Aromatically the wine is similar to past years, but if anything, there is a bit more jamminess to the fruit. Along with its signature Highway 246 garrigue, there is also a beautiful toastiness which is again related to some of the finest French oak barrels that money can buy. The wine is actually delicious now. Unlike Déjà Vu, which is a spectacle that is still trying to sort itself out, Ocean’s Ghost this year is a big, structured Pinot that is very pure and integrated right out of the gates
15 months in 50% articulately selected new French oak
The Ghost’s fruit comes from the winery’s best single vineyard blocks, 14 and 15. These spectacular, contiguous sections lie out on what the maker refers to as their West Mesa. It is a relatively exposed section of the ranch, and as such the vines are bathed by a daily cool breeze.

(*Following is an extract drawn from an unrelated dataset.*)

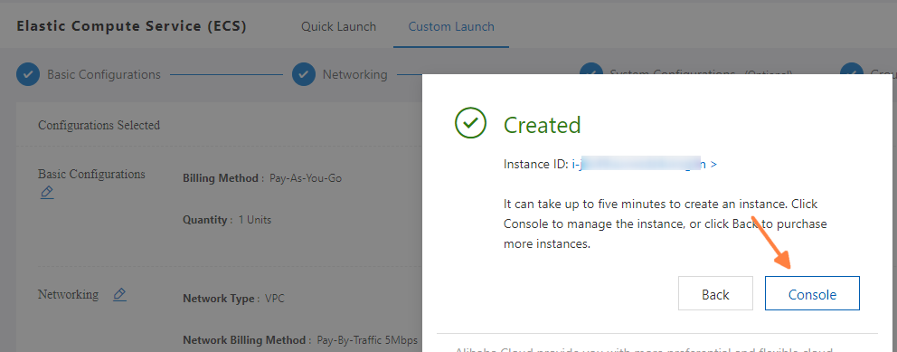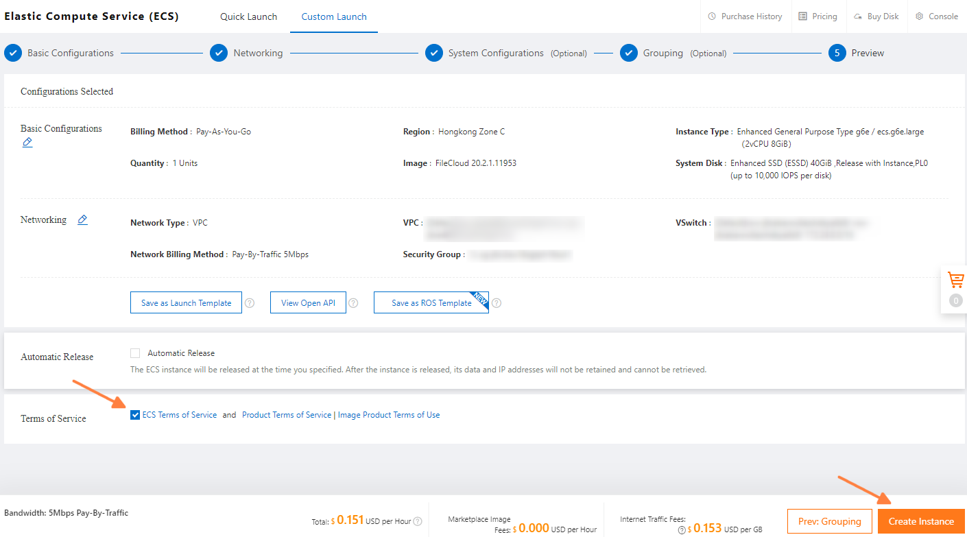 Check ECS Terms of Service, and click Create Instance to launch the instance.

Ocean’s Ghost is a name that describes two magical blocks of Pinot Noir that are influenced by the Ocean, both currently and historically. Currently, the influence is from the climate, its cool breezes and various translations of the marine layer that is offered up daily as if it were a gift from the ocean. Humans are not the only creatures that love a cool breeze. Pinot Noir has a strong affection for them as well. Historically, the influence comes from the soil on the West Mesa, which is light, grayish, diatom infused sandy loam that was at one point believed to be an ancient sea bed eons ago.

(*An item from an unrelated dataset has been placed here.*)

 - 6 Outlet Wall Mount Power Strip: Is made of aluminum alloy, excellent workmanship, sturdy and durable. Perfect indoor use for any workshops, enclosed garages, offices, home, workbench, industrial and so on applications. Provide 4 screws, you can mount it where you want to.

Small batch fermentations punched down (Pigeage) periodically over a 12 to 14-day period. 15 months in 50% articulately selected new French oak. Delicate toast.
About The Winery:
Babcock Winery & Vineyards was established in 1978 when Mona & Walter purchased a 110 acre property with lima beans & fallow land in the countryside in the western end of the Santa Ynez Valley.
At the time, they were in the restaurant business, the proprietors of the legendary Walt’s Wharf in Seal Beach. Over the years, Walter practiced a number of crafts, making him a full-fledged Renaissance guy. At the time of establishing the vineyard, he was also a dentist & a commercial fisherman.
Shortly after the purchase of the property, they planted a modest 20 acres to Gewurtraminer, Sauvignon Blanc & Chardonnay. No reds.
In 1983, after building a small garage & purchasing a few wine barrels, they took a whack at their first experimental, non-commercial vintage.
In 1984, prompted by promising results, they decided it was time to seize the opportunity to start producing wines commercially.
While they were setting the stage for a small fledgling winery, their son, Bryan, decided to cut short his graduate studies in enology & join them. After spending two years of graduate studies at UC Davis studying viticulture & enology, he was to return to complete a thesis for the degree. Instead, he started crushing Gewürztraminer in late August & forgot about school altogether.
Fortunately for him, there was a tight little group of already established winemakers, pioneers really, who were generously answering his questions & encouraging him to push forward. It was like having a synergy of mentors, making his first few years a great time to be alive & be making wine in Santa Barbara County.